* Your task *
The entries shown here must be retyped in full, with no pictures included.
Task data: Begin
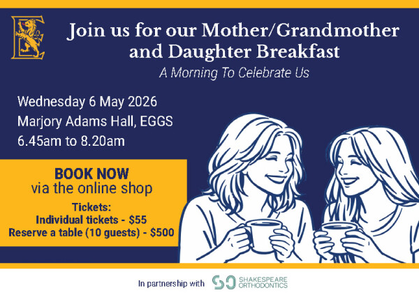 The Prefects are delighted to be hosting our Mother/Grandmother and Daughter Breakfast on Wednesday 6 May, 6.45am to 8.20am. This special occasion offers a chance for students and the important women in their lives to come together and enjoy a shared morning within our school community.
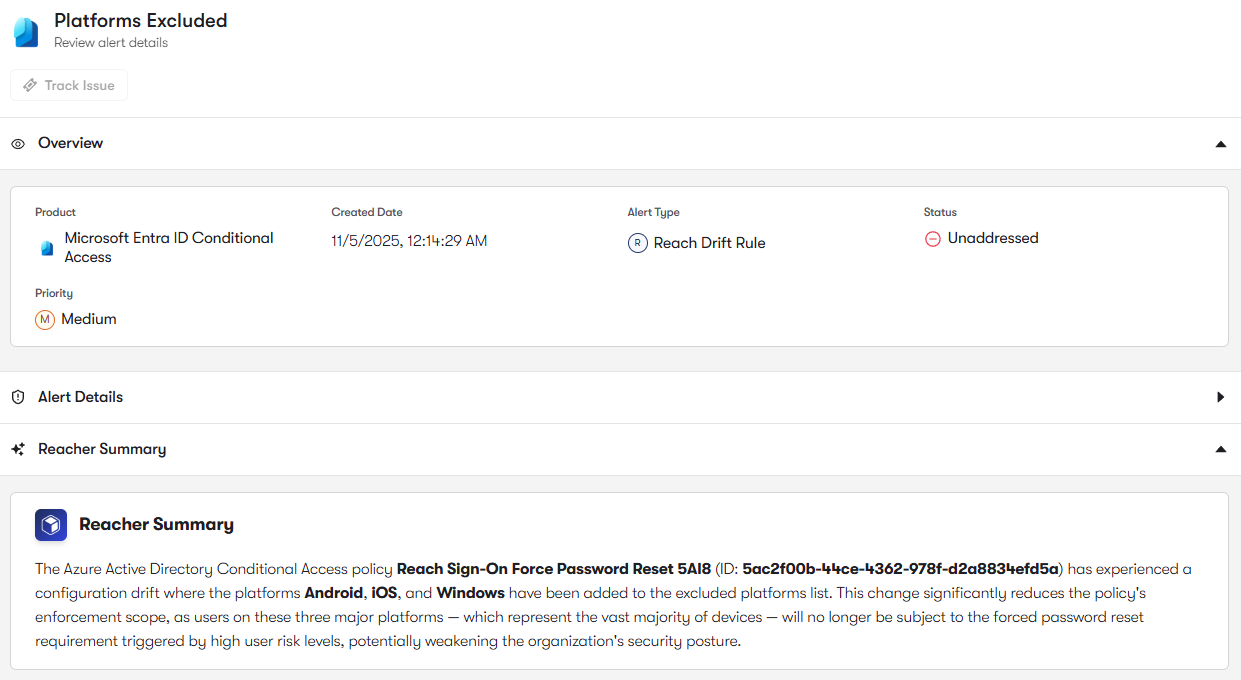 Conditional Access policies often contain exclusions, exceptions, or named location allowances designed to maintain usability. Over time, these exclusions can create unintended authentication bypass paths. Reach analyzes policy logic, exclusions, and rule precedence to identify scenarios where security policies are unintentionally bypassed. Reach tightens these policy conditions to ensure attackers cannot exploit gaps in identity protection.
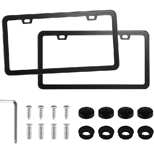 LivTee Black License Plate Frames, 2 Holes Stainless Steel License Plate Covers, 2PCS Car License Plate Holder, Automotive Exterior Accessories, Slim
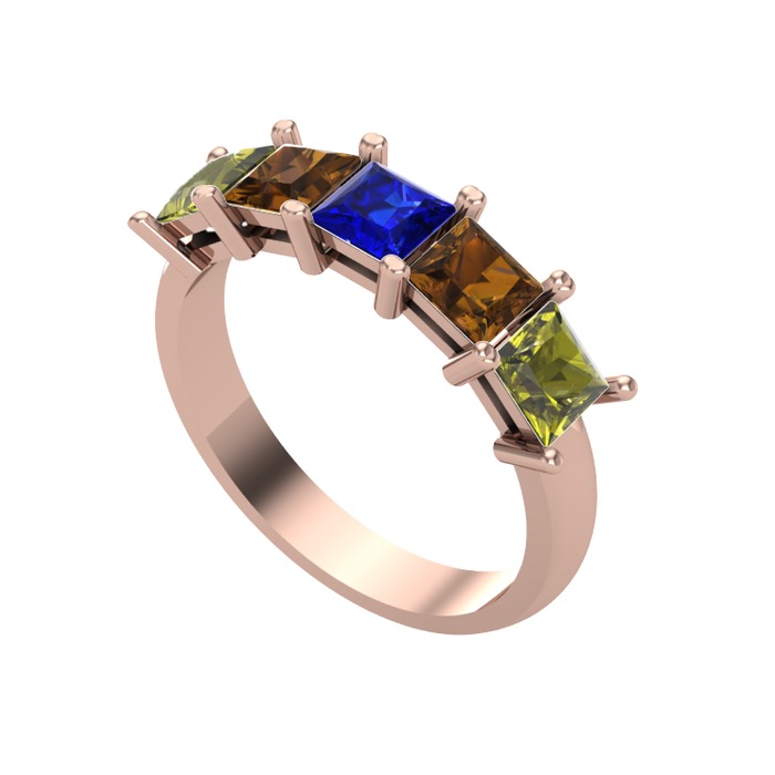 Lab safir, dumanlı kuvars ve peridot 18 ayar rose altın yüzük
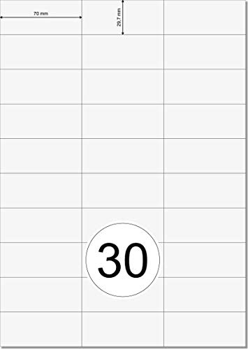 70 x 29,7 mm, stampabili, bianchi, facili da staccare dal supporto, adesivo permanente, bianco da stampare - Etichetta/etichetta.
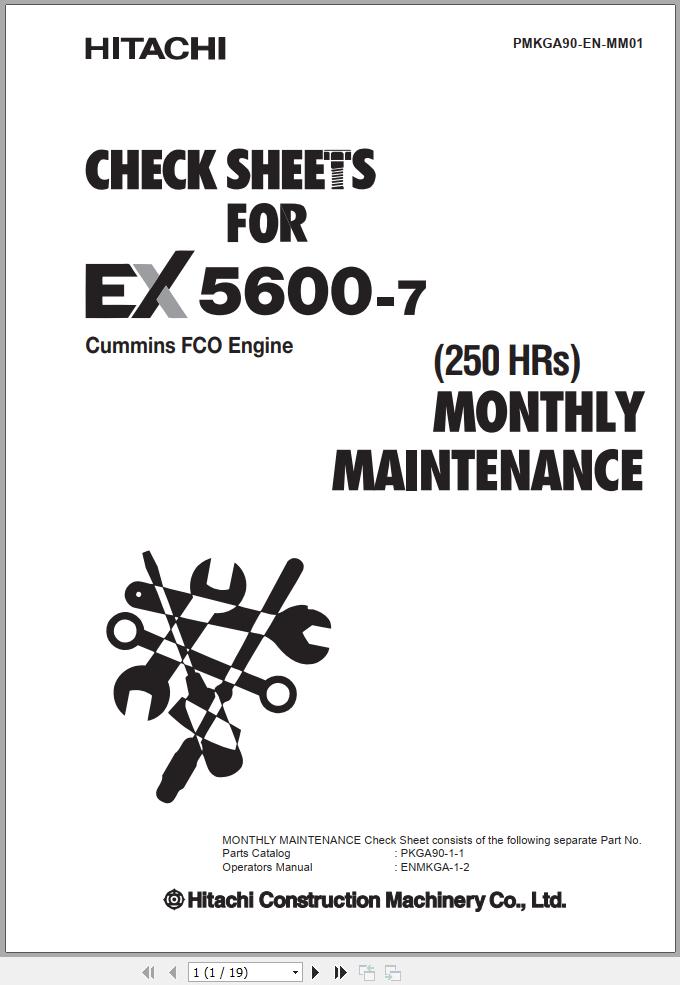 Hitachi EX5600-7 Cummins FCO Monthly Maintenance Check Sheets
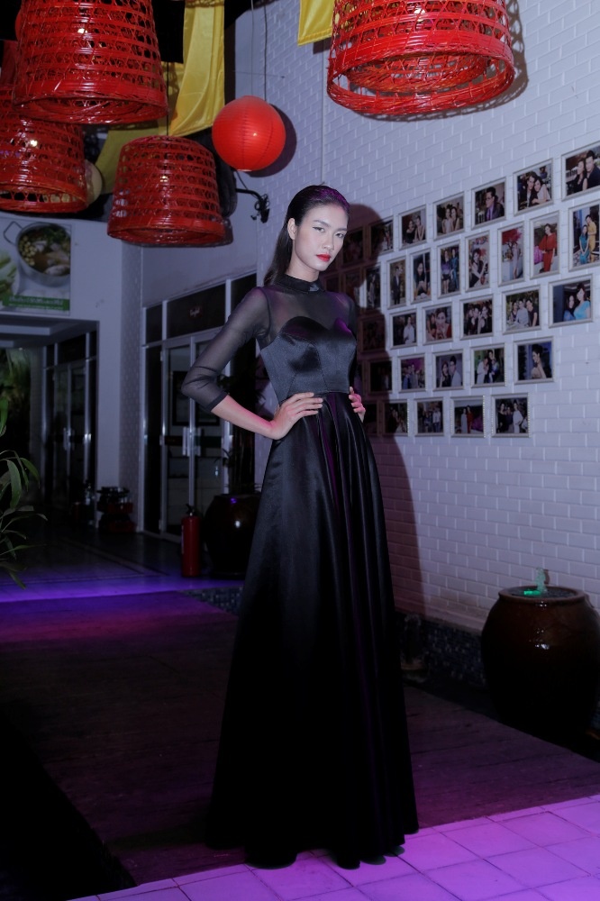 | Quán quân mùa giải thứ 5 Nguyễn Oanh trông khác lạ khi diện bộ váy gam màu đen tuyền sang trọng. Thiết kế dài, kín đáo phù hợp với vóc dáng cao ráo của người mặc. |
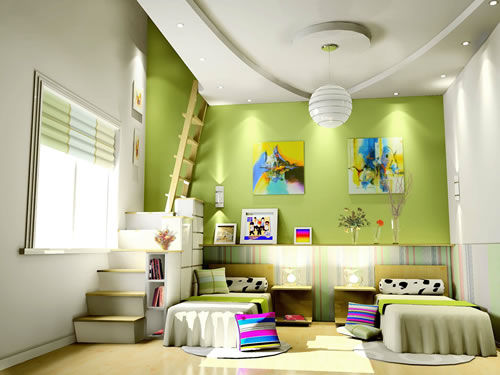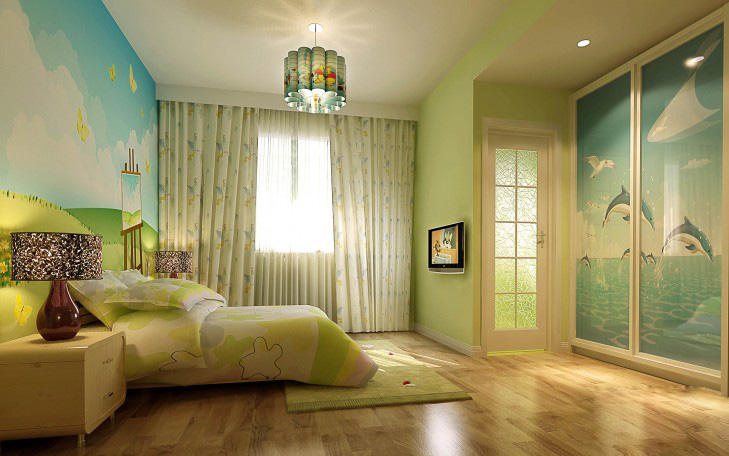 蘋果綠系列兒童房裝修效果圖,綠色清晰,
Task data: End
* Response area *
 The Prefects are delighted to be hosting our Mother/Grandmother and Daughter Breakfast on Wednesday 6 May, 6.45am to 8.20am. This special occasion offers a chance for students and the important women in their lives to come together and enjoy a shared morning within our school community.
 Conditional Access policies often contain exclusions, exceptions, or named location allowances designed to maintain usability. Over time, these exclusions can create unintended authentication bypass paths. Reach analyzes policy logic, exclusions, and rule precedence to identify scenarios where security policies are unintentionally bypassed. Reach tightens these policy conditions to ensure attackers cannot exploit gaps in identity protection.
 LivTee Black License Plate Frames, 2 Holes Stainless Steel License Plate Covers, 2PCS Car License Plate Holder, Automotive Exterior Accessories, Slim
 Lab safir, dumanlı kuvars ve peridot 18 ayar rose altın yüzük
 70 x 29,7 mm, stampabili, bianchi, facili da staccare dal supporto, adesivo permanente, bianco da stampare - Etichetta/etichetta.
 Hitachi EX5600-7 Cummins FCO Monthly Maintenance Check Sheets
 | Quán quân mùa giải thứ 5 Nguyễn Oanh trông khác lạ khi diện bộ váy gam màu đen tuyền sang trọng. Thiết kế dài, kín đáo phù hợp với vóc dáng cao ráo của người mặc. |
 蘋果綠系列兒童房裝修效果圖,綠色清晰,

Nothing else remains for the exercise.